Export strength isn’t a new story for China, having been one of the primary drivers for growth in the last two years. What is new is China’s recent focus on ramping up imports in order to promote more balanced trade. This has been mentioned multiple times at high-level meetings, including the Two Sessions.

Encouragingly for China’s trade partners, imports are also off to a strong start in the first two months of the year, up 19.8% YoY, year-to-date, well above market forecasts for import growth of around 7%. One caveat: this strength partially reflects a supportive base effect, as imports were down -8.4% YoY ytd in the first two months of 2025.

Nonetheless, after import growth has been quite flat since 2022, the data represents a solid start to 2026.

By import origination, China’s imports from India (43.1%), Korea (35.8%), Australia (33.8%), and Latin America (28.9%) outperformed in the first two months of the year. Imports from the EU (11.7%) and ASEAN (12.9%) were below headline growth but still respectable. Imports from the US were the clear outlier, down -26.7% YoY ytd.

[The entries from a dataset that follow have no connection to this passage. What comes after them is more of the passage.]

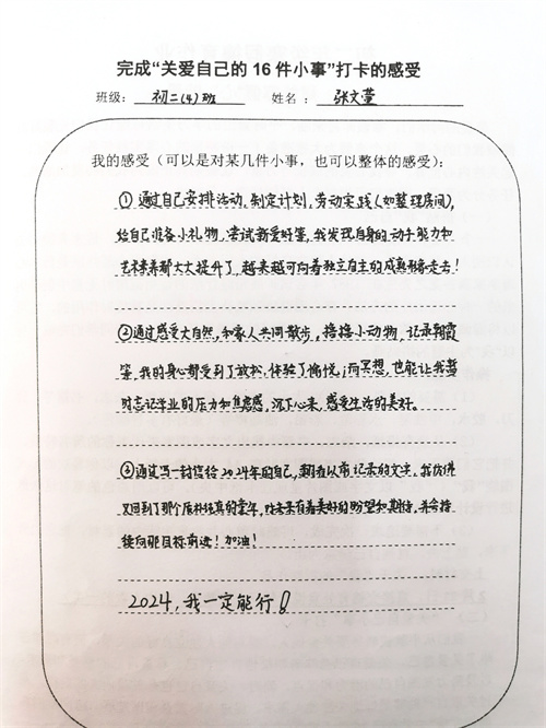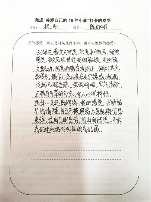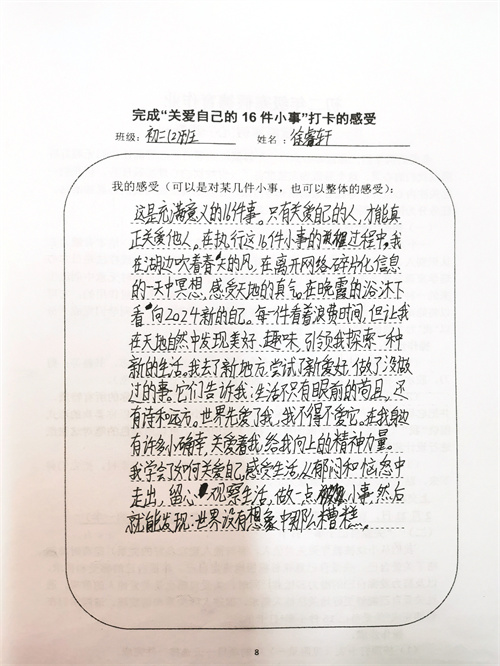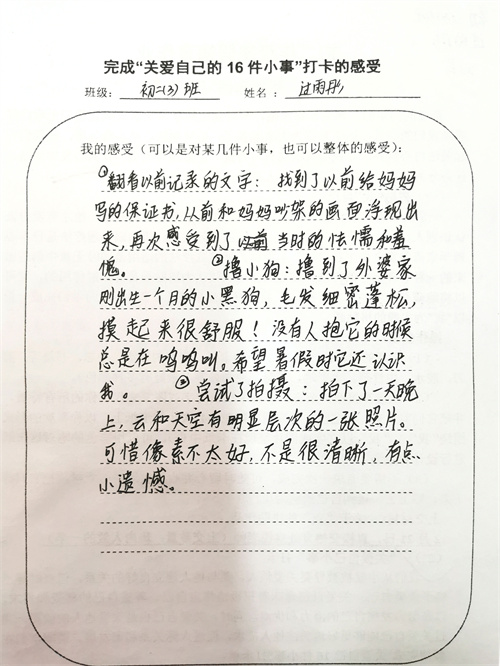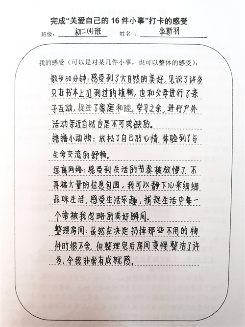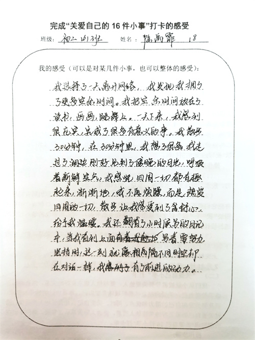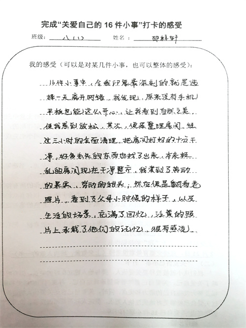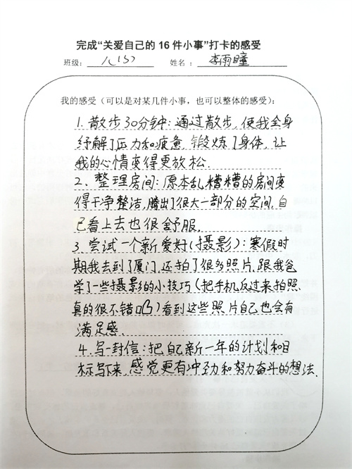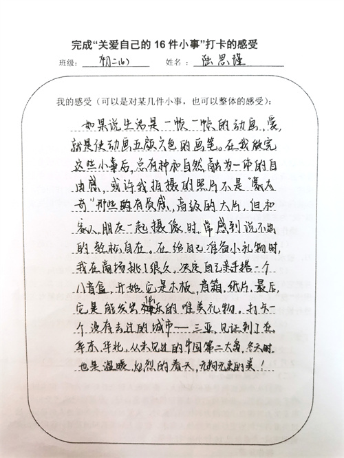 大多数时候我们被要求要照顾别人和在意他人的感受,但是却忽视了学会关爱自己也同样重要。关爱自己意味着积极地肯定自己、尊重自己的感受和需求,以及努力发掘自己的潜力和优点。同时,关爱自己也是关爱他人的前提,通过关爱自己能够更好地关注他人需求,促进人际关系和谐发展。假期里同学们积极完成关爱自我16件小事打卡,事虽小,感受却深。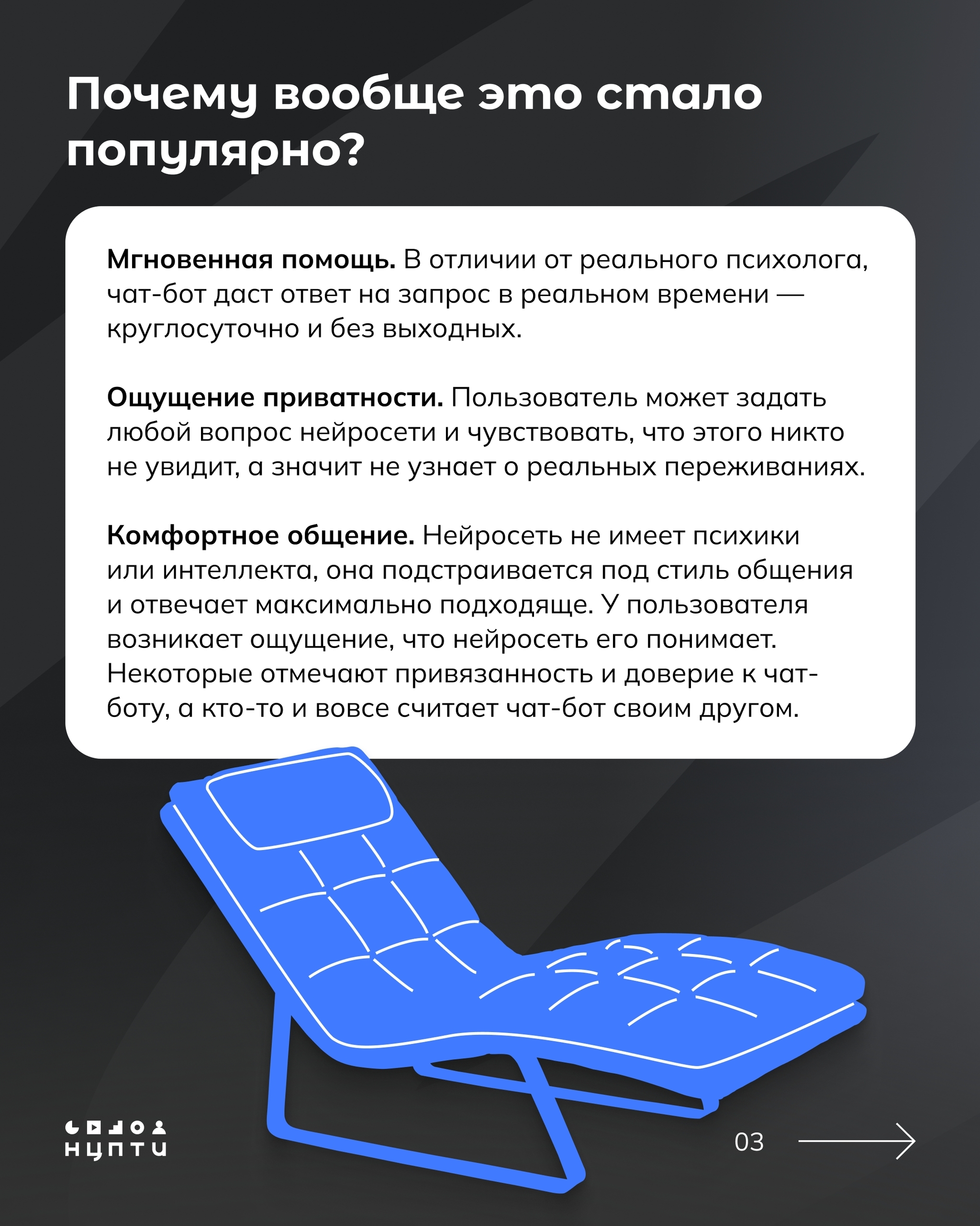 Нейросети ушли далеко за пределы простых запросов: сегодня ИИ может помочь с рецептом блюда, написанием текста и даже — дать совет по снятию стресса.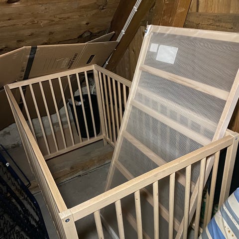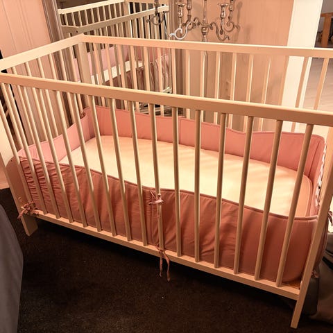 IKEA Spjälsäng barnmöbel i trä. Designad för små barn med spjälor runt om för säkerhet. Passar som barnets första säng och kan användas med tillbehör som madrass och sängkläder.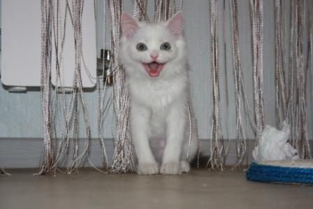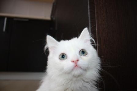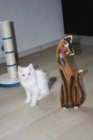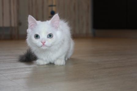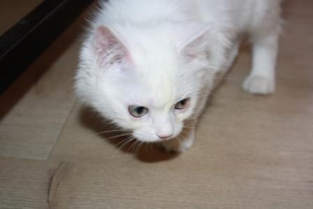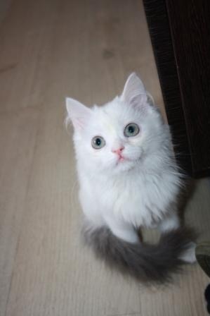 Теперь насчет экстерьера - когда-то там бегали персы, пушистая, шерсть по качеству очень персидская, мордаха ближе к персо-классике, сама вся белая, а хвост как-будто от другой кошки - явно от какой-то дворовой Мурки пришили

By product, the areas with the fastest import growth continue to be centred on tech products, with hi-tech products (27.7%), automatic data processing machines (68.7%), and semiconductors (39.8%) seeing robust growth over the first two months of the year. We also saw solid YoY growth in agricultural product imports of 9.7%. As the world’s largest crude oil importer, China saw the value of crude oil imports fall by -5.2% YoY. But the volume actually rose by 15.8% YoY. With the crude oil price spike in March, China’s oil imports are set to get more expensive. It remains to be seen how supply disruptions factor into overall imports.